> [Records from a dataset]
[Start of Attachment]
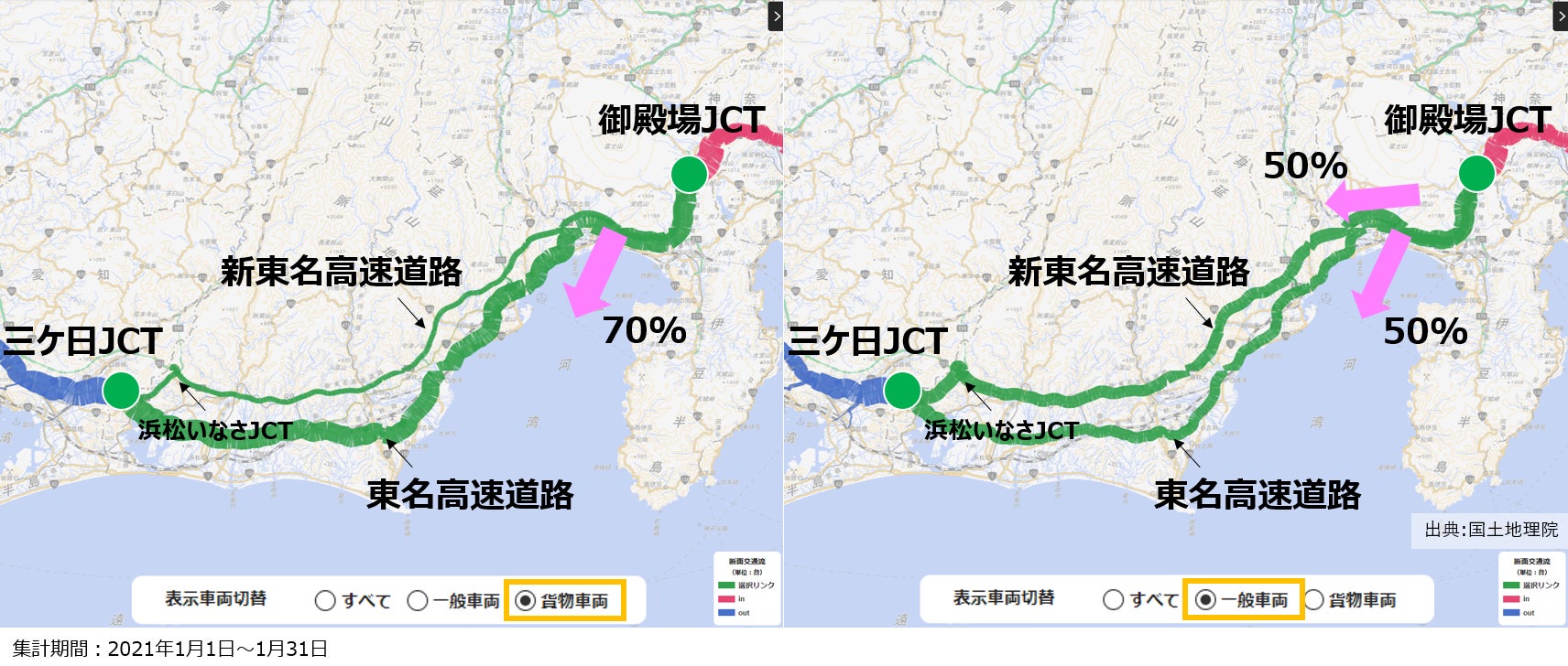 これらのことから一般車両では新東名高速道路を選択しやすくなったと推測されます。
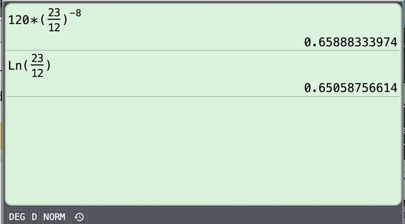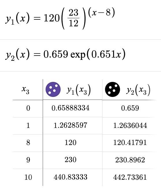 In this form, a = 120·(23/12)^(-8) ≈ 0.659, and k = ln(23/12) ≈ 0.651, so the equation could be ...
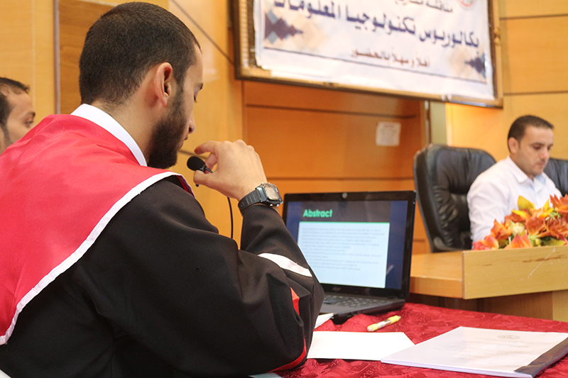 مناقشة مشروع تخرج الطالب علي عمر يوسف الأغا .
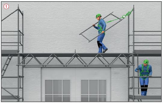 PSAgA nur an geeigneten und nachgewiesenen Gerüstbauteilen befestigen (siehe Aufbau- und Verwendungsanleitung des Gerüstherstellers), z. B. bei Stahlrohrgerüsten am Außen- bzw. Innenstiel oder am Geländerholm.
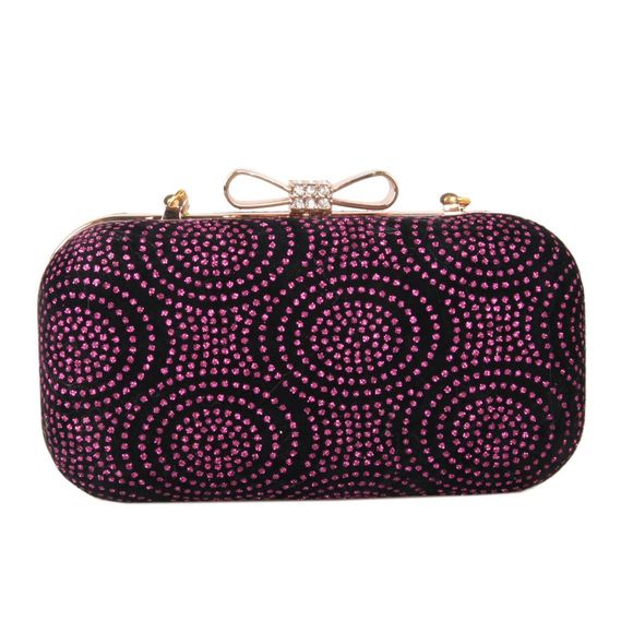 Femmes Sac Minaudière Strass Noeud Chaîne En Métal MiniSpot Evénement De Mariage Partie - Rose Fuchsia
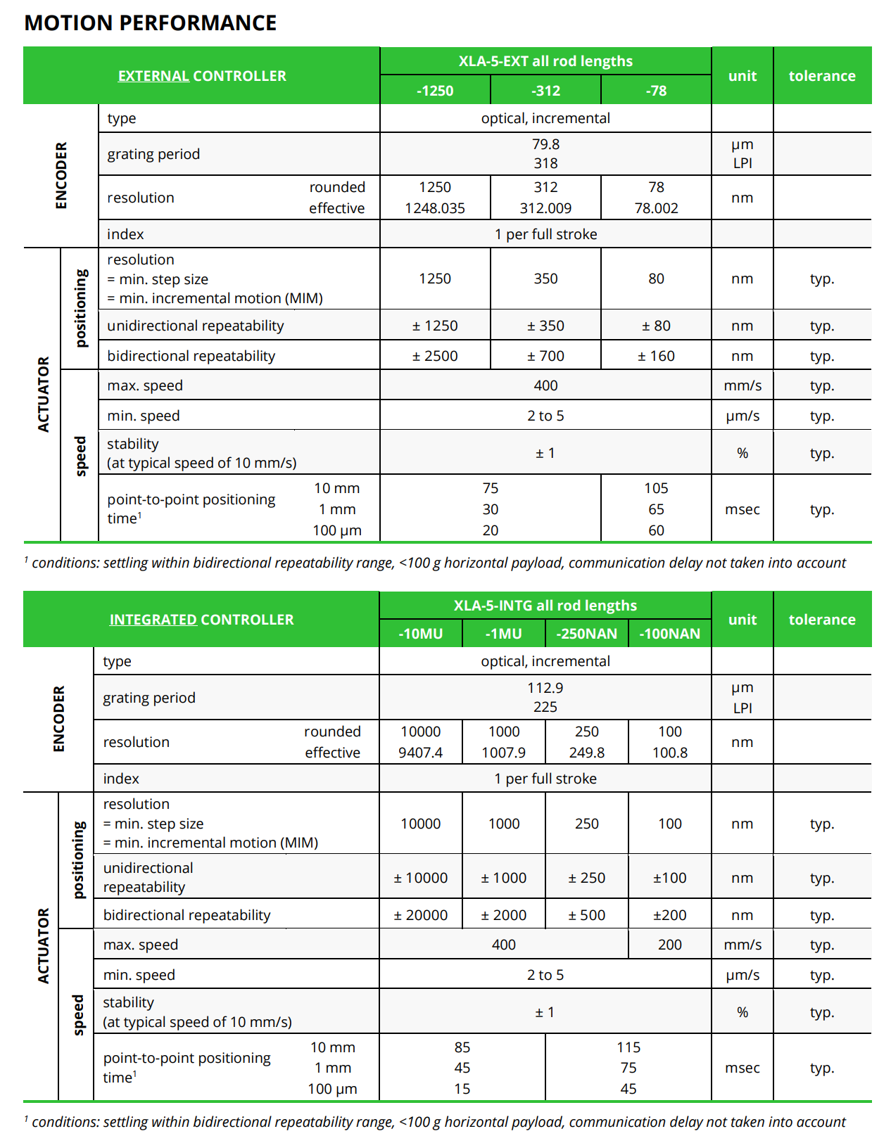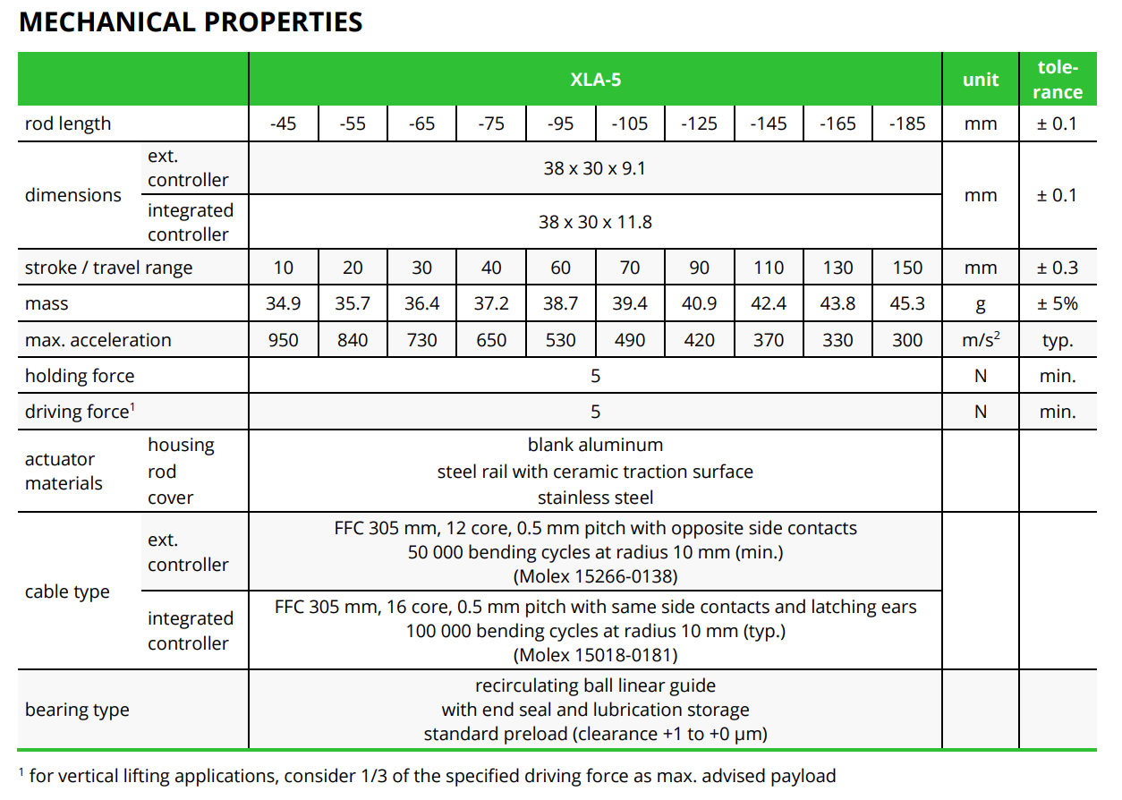 Xeryon XLA-5系列 微型线性执行器技术参数:
[End of Attachment]
> [WHAT IS EXPECTED]
Please print the entries above exactly. Skip every picture.

> [FINISHED TASK]
 これらのことから一般車両では新東名高速道路を選択しやすくなったと推測されます。
 In this form, a = 120·(23/12)^(-8) ≈ 0.659, and k = ln(23/12) ≈ 0.651, so the equation could be ...
 مناقشة مشروع تخرج الطالب علي عمر يوسف الأغا .
 PSAgA nur an geeigneten und nachgewiesenen Gerüstbauteilen befestigen (siehe Aufbau- und Verwendungsanleitung des Gerüstherstellers), z. B. bei Stahlrohrgerüsten am Außen- bzw. Innenstiel oder am Geländerholm.
 Femmes Sac Minaudière Strass Noeud Chaîne En Métal MiniSpot Evénement De Mariage Partie - Rose Fuchsia
 Xeryon XLA-5系列 微型线性执行器技术参数:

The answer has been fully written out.